Some examples of mathematically won game states are:
- Every card face-up in the tableau, 10 cards in the stock, the player has chosen to deal the last row, and a winning move sequence exists for every possible permutation of cards.
- 7 out of 8 suits moved to the foundations
- Two spaces and eight runs from Ace to King with mixed suits. Some cards may be face-down.
I haven’t performed any detailed calculations or statistical analyses but my intuition says an expert will typically declare victory with 3 or 4 empty columns. If he has more than 4 spaces then chances are the expert can’t be bothered working out if the game is mathematically won after every turnover.
To illustrate the law of diminishing returns, consider the following game state, which may be familiar to regular readers 😊. While the game is almost certainly won at this point, it is adequate for didactic purposes.

Assuming we merge the three left-most columns into a single run, we have three empty columns. Now, borrowing a phrase from Cracking The Cryptic, let us ask a facetious question: is there any game state that (1) has three empty columns, (2) is reachable if we (temporarily) use at least one empty column, and (3) not reachable if we don’t use any empty columns?
Clearly the answer is yes since the supermove “fe” fits the bill.
Now let us ask the same facetious question, but this time we want a game state that is only reachable with the use of TWO spaces BUT NOT ONE.
That’s not so hard. We could for instance swap the 8-7-6-5-4 of Spades in column 1 with 8-7-6-5-4 in column 5. That breaks an in-suit build for no good reason but at least we answered the question 😊
Now we ask what happens with three empty columns. One can show that it’s possible to shift the J-0-9-e-t-c-e-t-e-r-A of mixed suits in Column 6 onto the Queen of Spades in column 8. For sake of argument, I will pretend this is not possible with only two empty columns (proving or disproving this is left as an exercise for the reader!)
But that leaves not much room for improvement if we have four empty columns. If three spaces are sufficient to achieve the super-move “fh” then it’s hard to imagine a single game state that can be reached with four spaces but not three.

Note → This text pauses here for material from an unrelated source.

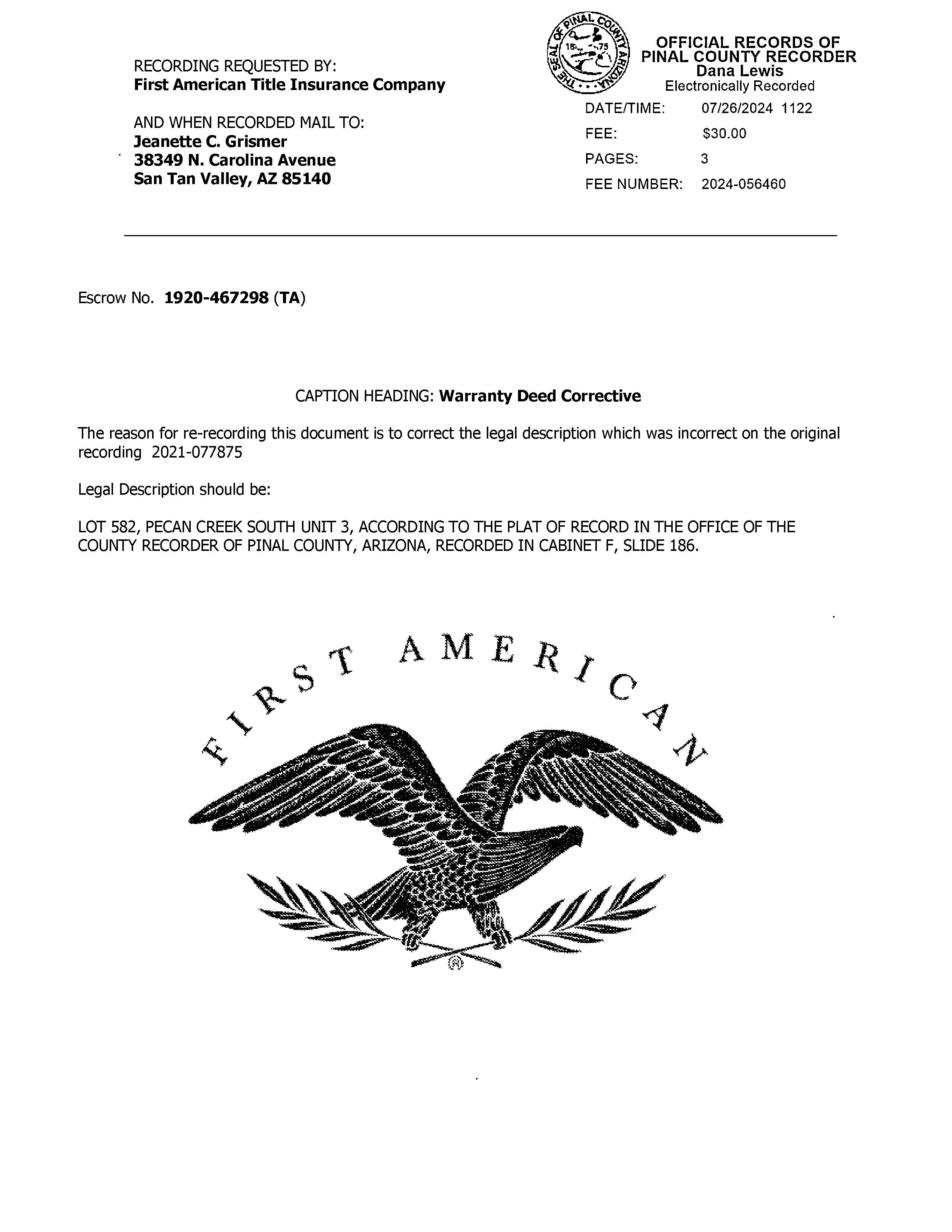 Mailing Address : 38349 N Carolina Ave, San Tan Valley AZ 85140-5822 H075
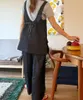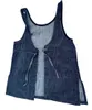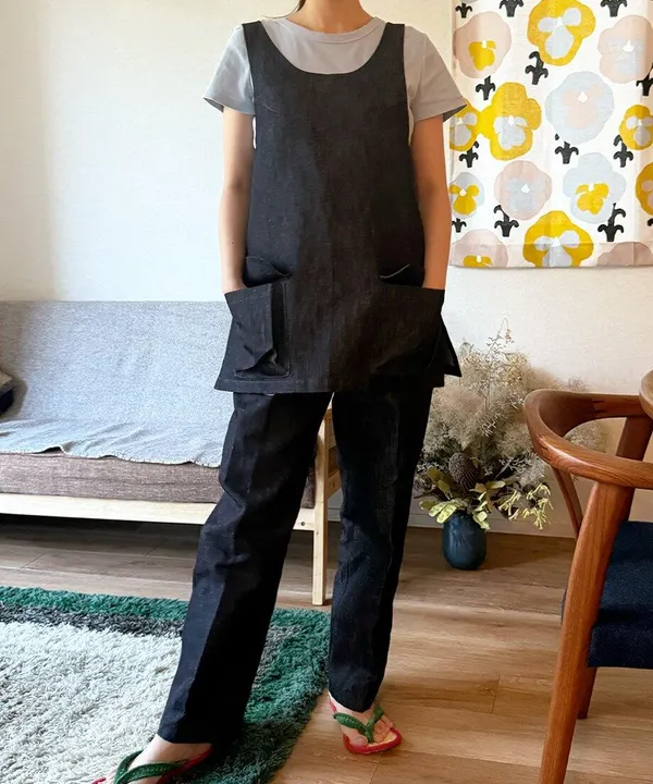 ベスト・デニム ワークウエアとしてもトップスとしても活躍の場が広がるベスト シンプルなデザインで、重ね着にも最適  スタイリングしやすいベスト ショートパンツ、ワイドパンツ、ロングスカート、ワンピースとなんにでも合わせて楽しめます オールシーズン着回しできる万能アイテム ライトデニムでさらりと軽い素材 ポケットを覆う雨ぶたフラップ&マチ付きでたっぷり入るポケットが特徴的 ふたが付いているので うっかり入れたものが落ち難く安心です! うしろ姿は ウエストより少し上で紐を結ぶタイプ 紐をギュッと結んで ギャザーを多めにしたらちょっとガーリーで、お好みのサイズ調節ができます

Admittedly this is not a rigorous proof of the LODR, but hopefully you get the idea. When you have three spaces it is probably wrong to aim for a fourth space. You should concentrate on columns with more face-down cards rather than less. At the risk of sounding like a broken record, at least this helps avoid one-hole-no-card problems (all other things being equal). Or you might sacrifice turnovers and spend a space or two to remove a suit – or even an “almost suit” of 12 cards instead of 13. Obviously, the correct course of action depends on circumstances, but the underlying theme is you never play for Yet Another Empty Column without thinking.
In summary, I believe extracting maximum value from empty columns is the heart of winning play at Spider Solitaire. If the Spider Solitaire Body Of Knowledge was a thing, then the Law Of Diminishing Returns should be part of it.
Improving the plspider algorithm
The plspider program achieves a very high win rate (with undo!), but takes far too long to find a winning sequence of moves. If I had to improve plspider’s performance I would modify the code to start focusing on complete suits instead of spaces once it has accumulated three spaces. Of course, this is easier said than done if you pardon the terrible cliché, especially considering that I do not have the source code of plspider.
While we’re here I may as well mention that 3 is not a magic number. In some given game states, the LODR kicks in after 2 empty columns. On a really good day, most builds are in-suit after 20 moves and the LODR applies with only 1 empty column. In other games, an expert player might find a good reason to chase 4 spaces. That should be rare, but might depend on which version of Spider Solitaire you are playing 😉
I can give a few thoughts as a guy who’s halfway decent at Spider and who has done a bunch of programming, including fairly complicated problems like how to create a rule-based system to translate English into Japanese. I’ve gotten most of the answers to “Advent of Code” the past few years. (And I’ve had a bit of fun looking at Wordle strategies and curiosities recently.) But I’ve never done AI learning stuff.
In an ordinary Spider game, I have some tendency to think about spaces as “money in the bank”. If you were thinking of placing card A on card B, and you lose that play by making a space, you can look at the situation with the space and evaluate “card A onto B” as one of many possibilities, and if it’s still the best, simply take that card you put on A or B into the space and then do the play you were going to do.
Some version of the “law of diminishing returns” is obvious, but how to incorporate it suitably into an overall AI strategy is not at all.
You have to do something with the spaces, and it seems there ought to be a way to incorporate something like this into the source code. One AI framework is to have competing “experts” giving their opinion on evaluating a position according to various criteria, and if so just reduce the weight of the “more spaces” expert when you get 2 of them and reduce it even more when you get 3.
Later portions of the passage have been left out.